Date of Award

Winter 1986

Project Type


Program or Major


Degree Name

Doctor of Philosophy


Recent evidence indicates that the activation of a calcium-dependent proteinase, calpain, results in the formation of new glutamate receptors in the hippocampus (Lynch, Halpain, & Baudry, 1982), a brain area commonly thought to play a crucial role in mammalian memory formation. In vitro, this effect is correlated with a long-lasting enhancement of efficacy in synaptic transmission (long-term potentiation, LTP) following brief pulses of electrical stimulation in the hippocampus (Dunwiddie & Lynch, 1979). Because the induction properties of LTP are similar to the behavioral properties of memory, it has been proposed to be the physiological basis of memory (Lynch & Baudry, 1984). If the calcium-dependent activation of calpain is responsible for the induction of LTP and ultimately memory formation, then pharmacologically blocking the calcium-calpain interactions should block those forms of memory dependent on this mechanism.

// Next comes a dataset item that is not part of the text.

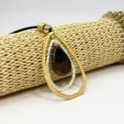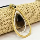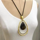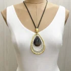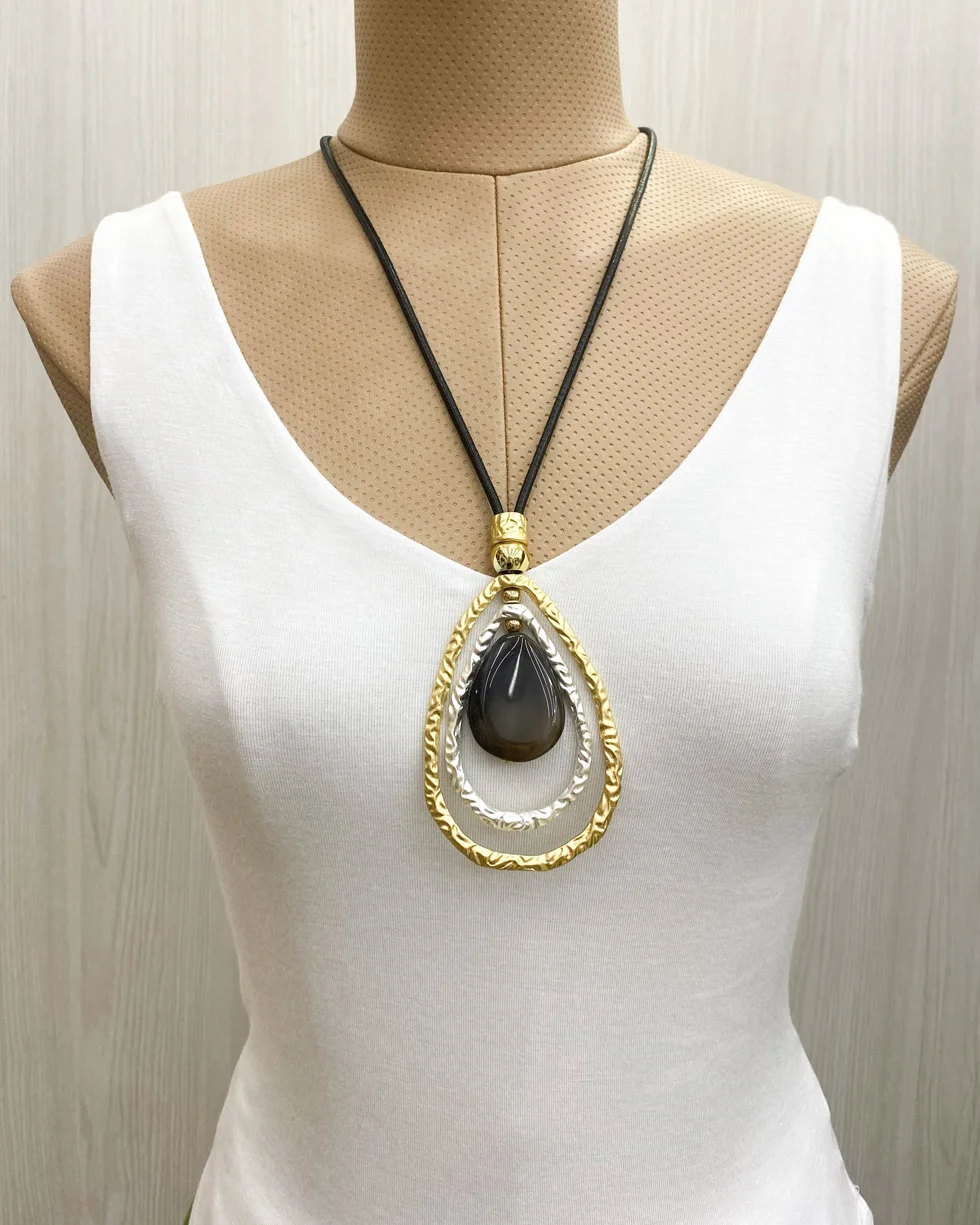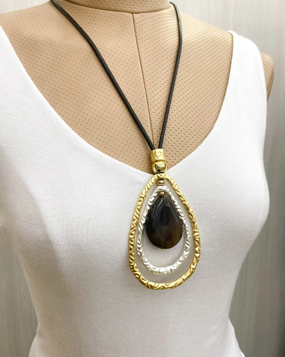 Collar con colgante grande en forma de lágrima, detalles dorados y plateados con piedra central.
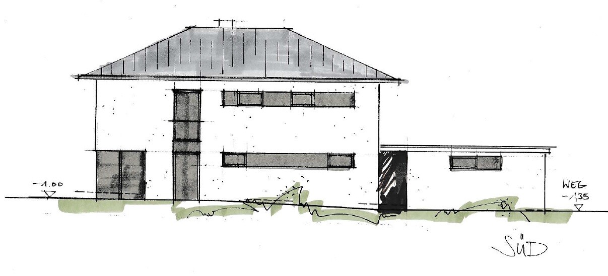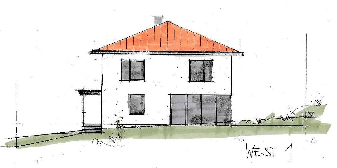 weitere Wünsche/Besonderheiten/Tagesablauf: Wichtigster Punkt: etwas Abschirmung zum Nachbar im Süden. Wir haben einen sehr schönen Fernblick im Osten, Vorgabe war deshalb an dieser Seite das Büro (Homeoffice) und das Schlafzimmer zu haben. Zudem wollten wir die Kinderzimmer etwas abgeschirmt haben

Three experiments were conducted to assess the effects of leupeptin, a proteinase (calpain) inhibitor on aversively motivated spatial memory in rats. In Experiment One, either leupeptin (8 mg/ml isotonic saline) or isotonic saline was infused continuously into the cerebrospinal fluid, and rats were trained in a one-way avoidance task with one-hour intertrial intervals, three trials per day, for 11 days. Leupeptin significantly impaired rats' acquisition of this task. Experiment Two assessed rats' performance in a win-stay or a win-shift avoidance task, and it was found that rats in the win-shift group learned the task more efficiently. This win-shift avoidance task was then used in Experiment Three to assess the temporal dependence of leupeptin's behavioral effects by introducing a delay of 1 min, 15 min, or 30 min between the information and choice trials. Leupeptin impaired choice performance at the 30 min delay only. In addition, leupeptin significantly impaired previously-acquired avoidance responding. Because a time-dependent memory deficit was observed, these data are considered to be consistent with the biological model of memory formation advanced by Lynch & Baudry (1984), however no adequate explanation of leupeptin's deleterious effects on previously acquired responding presently exists.